Yale Joins Alliance Focused on Faculty Diversity

11/14/2023

Yale University is among the key partners of a new, multi-institutional effort supported by the National Science Foundation (NSF), to design and implement strategies to increase the number of faculty from groups historically underrepresented in science, technology, engineering, and mathematics.

With Brown University serving as the lead and grants totaling $3.3 million, the institutions will identify approaches to bolster diversity, equity and inclusion in academic programs that educate future STEM professionals by addressing hiring practices, with a specific focus on biomedical engineering. In addition to Yale and Brown, partners include Columbia University and Johns Hopkins University.

“Strengthening research, discovery and innovation in STEM and addressing some of society’s most pressing challenges requires inviting, welcoming and investing in scholars who bring diverse perspectives, experiences and backgrounds,” said Vicki Colvin, a Brown professor of engineering and chemistry who directs the Institute for Biology, Engineering and Medicine (I-BEAM) and is the lead investigator on the grant. “To make strides in this area demands addressing systemic obstacles in hiring and workplace practices, and being deliberate about cultivating inclusive communities that promote exploration and collaboration. This grant will help us recognize and create effective approaches that can benefit the entire sector.”

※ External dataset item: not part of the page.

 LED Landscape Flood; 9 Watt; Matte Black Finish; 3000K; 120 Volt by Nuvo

The award is part of NSF’s Alliances for Graduate Education and the Professoriate program, which supports alliances among higher education institutions to increase the number of historically underrepresented STEM faculty.

The grant will enable the four schools to create the Alliance for Relevant and Inclusive Sponsorship of Engineering Researchers. The members will aim to promote equity and inclusion by extending the professional networks and opportunities of young biomedical engineering scholars, and in doing so, to increase the visibility, collaborations, and professional successes of diverse young researchers.

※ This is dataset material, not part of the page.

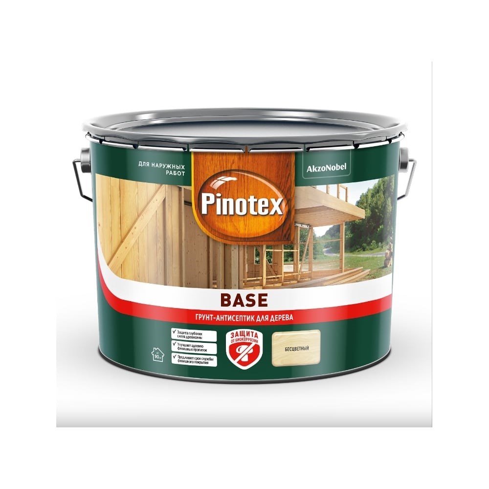 Особо действенная деревозащитная грунтовка PINOTEX BASE (с защитными свойствами; 9 л) 5794890 - бесцветная высокоэффективная деревозащитная грунтовка для обработки наружных поверхностей перед применением финишных пропиток и лака Pinotex. Улучшает качество деревянной поверхности, выравнивая впитывающую способность древесины и обеспечивая равномерное нанесение последующих слоев финишных пропиток или лака. Грунт значительно улучшает адгезию финишных материалов, повышая долговечность покрытий и их декоративные свойства. Обладает высокой проникающей способностью, эффективно защищая глубокие слои древесины от плесени, синевы и гнили. Грунт является частью системы покрытий для наружных работ. Комплексное использование грунта и пропиток обеспечивает двойную активную защиту поверхности древесины. Область применения: Для наружных работ. Подходит для грунтования новых и очищенных от предыдущих покрытий поверхностей из пиленой и строганой древесины перед ее последующей обработкой финишным покрытием Pinotex. Особенности применения: Перед применением перемешать. Произвести подготовку поверхности (отшлифуйте, уберите пыль тканью). В случае, если на поверхности гниль, смола или смоляные карманы, пятна ржави, дубильные вещества тщательно отшлифуйте поверхность, обработайте блокирующим грунтом. Рекомендуется наносить в 2 слоя при температуре не ниже +10°C и не выше +25°C, относительной влажности воздуха 80%, влажности древесины 18%. Разбавление не требуется.
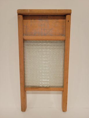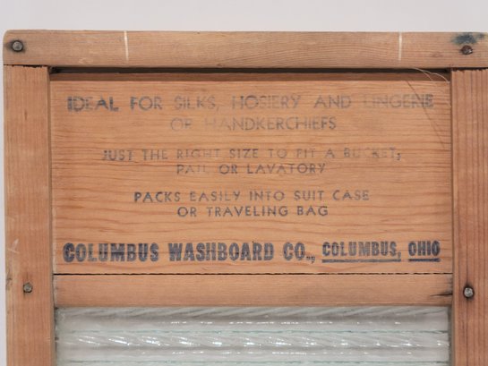 Vtg Wood And Glass Washboard by Columbus Washboard Co. Measures approximately 8.5" x 18". It is Ideal For Silks, Hosiery and Handkerchiefs. Packs Easily Into Suitcase or Traveling Bag. These statements are printed on the wood. Pre-owned condition.

The ARISE Alliance will encourage more connections between early-career scholars — doctoral candidates, postdoctoral research scholars and early-career faculty — and their colleagues at the partner institutions. Participants will have access to a motivated and trained cadre of faculty “sponsors” who will actively promote their research and support networking activities and extended campus visits. Longer term, these networks will translate into greater diversity among faculty in the ARISE Alliance’s academic departments, project leaders say.

"Developing a supportive professional network is an important part of advancing in academia and becoming a successful faculty member,” said James Duncan, the Ebenezer K. Hunt Chair and Professor of Biomedical Engineering, Electrical Engineering, and Radiology & Biomedical Imaging. “Yale’s Department of Biomedical Engineering (BME) strives to help all our early-career faculty, postdoctoral scholars, and doctoral candidates to build such networks. In addition, we are dedicated to continuing to grow a more diverse BME faculty both here at Yale and nationally. We believe that this unique, collaborative award from the NSF will help us move in all of these positive directions, in partnership with our colleagues at Brown, Columbia and Johns Hopkins."

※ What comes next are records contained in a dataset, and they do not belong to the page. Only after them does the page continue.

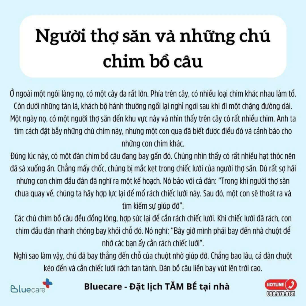 Đúng lúc này, có một đàn chim bồ câu đang bay gần đó. Chúng nhìn thấy có rất nhiều hạt thóc nên đã sà xuống ăn. Chẳng mấy chốc, chúng bị mắc kẹt trong chiếc lưới của người thợ săn. Dù rất sợ hãi nhưng con chim đầu đàn đã nghĩ ra một kế hoạch. Nó bảo với cả đàn: “Trong khi người thợ săn chưa quay về, chúng ta hãy hợp lực lại để mổ rách chiếc lưới này. Sau đó, một con sẽ thoát ra và tìm kiếm sự giúp đỡ”.
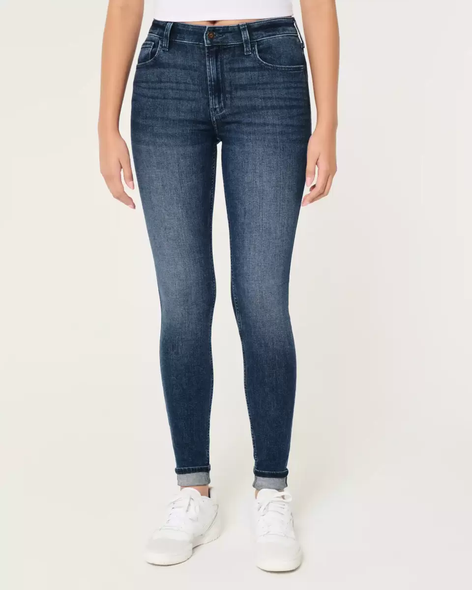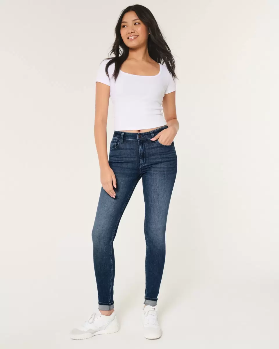 Designed in our signature slim fit, these medium wash super skinny jeans feature fading and whiskering. High-rise waist, cuffed hems, stretch. Imported.
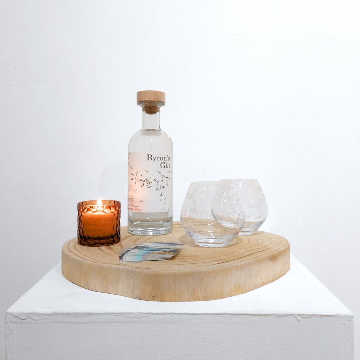 This piece is accompanied by a gift set courtesy of Speyside Distillery, including a bottle of their award-winning Byron's Gin and two glasses hand-etched by Joanna McDonough.
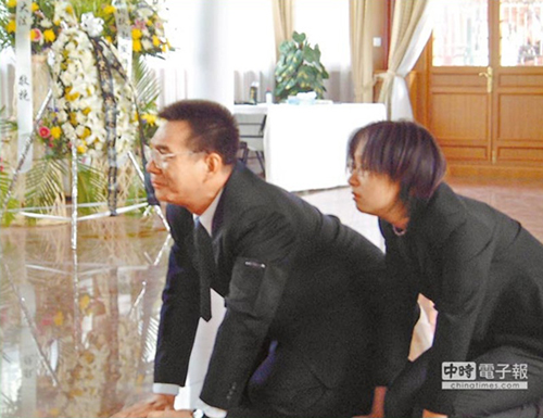 圖為林毅夫2002年在北京大學(xué)中國經(jīng)濟研究中心設(shè)置靈堂,通過網(wǎng)絡(luò)直播與宜蘭老家同步參加父親的告別式。告別式開始,林毅夫與女兒跪地哀傷地看著屏幕。(圖片來源:中時電子報)
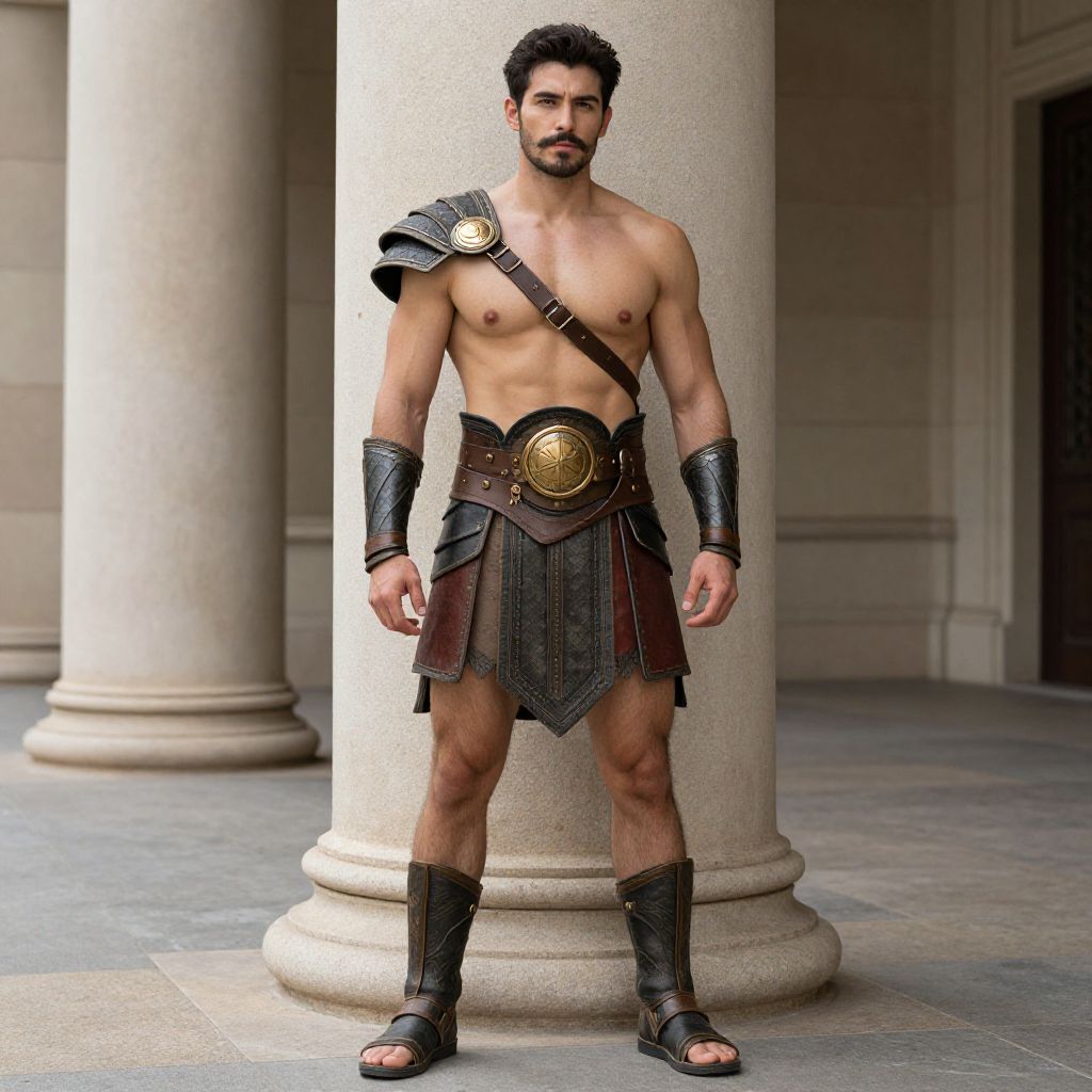 A muscular man dressed as an ancient warrior stands confidently in front of large stone columns, showcasing detailed leather armor and metal accessories including a chest strap, arm guards, and sandals. The costume reflects a classical gladiator or Roman soldier style, emphasizing strength and historical authenticity.

As measuring impact is central to the award requirements, internal and external advisory boards will routinely review the ARISE Alliance’s progress, engage with sponsors and strategize future steps. The alliance team is also developing and distributing sponsorship and hiring guides for biomedical engineering.

In addition to Duncan, Kathryn Miller-Jensen, associate professor of biomedical engineering & molecular, cellular & developmental biology, serves as a co-investigator on the grant.